After banks and regulators threatened to redline and boycott communities hardest hit by the housing crisis, Mary Kay Henry, President of the Service Employees International Union (SEIU), issued the following statement:
"The housing crisis for working families, and communities of color in particular, is far from over. Yet regulators and banks have done little to support struggling homeowners. Many economists have called for broadly reducing the mortgage principal for underwater homeowners but banks, Fannie Mae and Freddie Mac have blocked federal action at every turn.
"Tired of waiting on the banks and regulators, community groups, and labor unions, including SEIU members, are taking action to find solutions locally.
"In one effort, advanced by Richmond, California and other cities, the cities are stepping in to acquire troubled mortgages, with the goal of fixing them and keeping homeowners in their homes.
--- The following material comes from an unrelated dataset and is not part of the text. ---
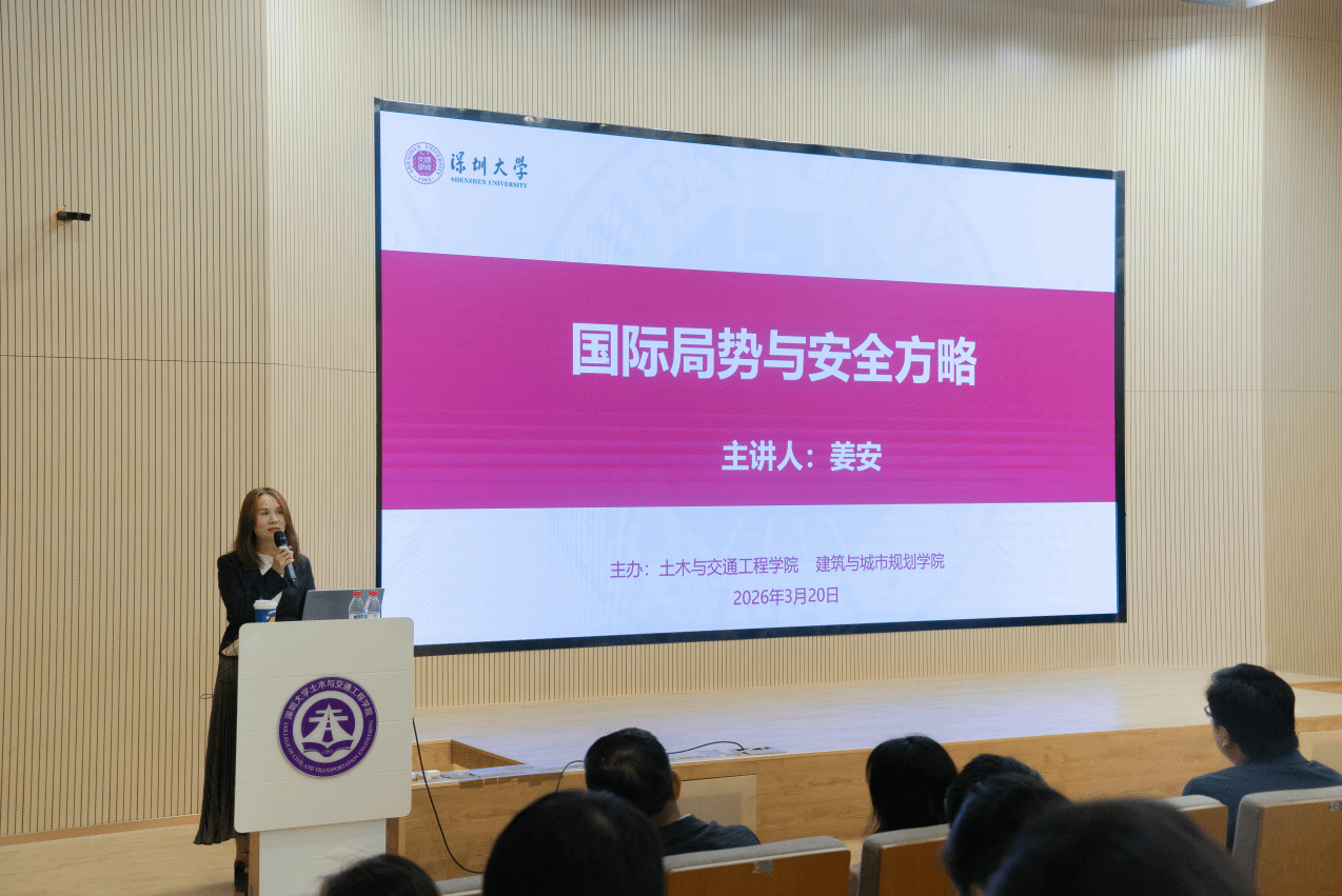 当前,世界百年未有之大变局正在加速演进,复杂多变的国际局势引发每一位师生对世界和平与国家安全的深度关切,为帮助师生认清国际形势、增强国家安全意识、强化责任担当,3月20日,深圳大学土木与交通工程学院、建筑与城市规划学院在致工楼A431报告厅联合主办“国际局势与安全方略”讲座,讲座由马克思主义学院姜安教授担任主讲人,土木与交通工程学院党委书记左英姿主持,近200名师生到场聆听。
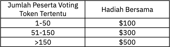 Example: During the first week of the campaign, a campaign with theme X with 4 token options has the following polling results: Token A: 120 votes, Token B: 50 votes, Token C: 300 votes, Token D: Token 200 votes. If during the one week duration, it turns out that Token A has the highest percentage increase in price, then the total prize will be distributed equally to participants who choose the token based on the prize mechanism in the table.

If the current loan holders refuse to cooperate, these cities will consider the use of eminent domain to acquire the loans and pay the banks/bondholders fair market value as required by law.
"The Federal Housing Finance Agency has essentially threatened a boycott of cities exploring this option to help their residents and communities even though the law says these are clearly local decisions. We should be encouraging, not blocking or punishing, communities search for legal and development tools to help homeowners and stabilize neighborhoods devastated by the housing crisis.
"SEIU members are standing with these local communities. Given the shameful lack of action federally, it should be no surprise that hard-hit communities are searching for local solutions. We are calling on our elected representatives to join us in standing with Richmond, CA and other cities that are advancing this local strategy."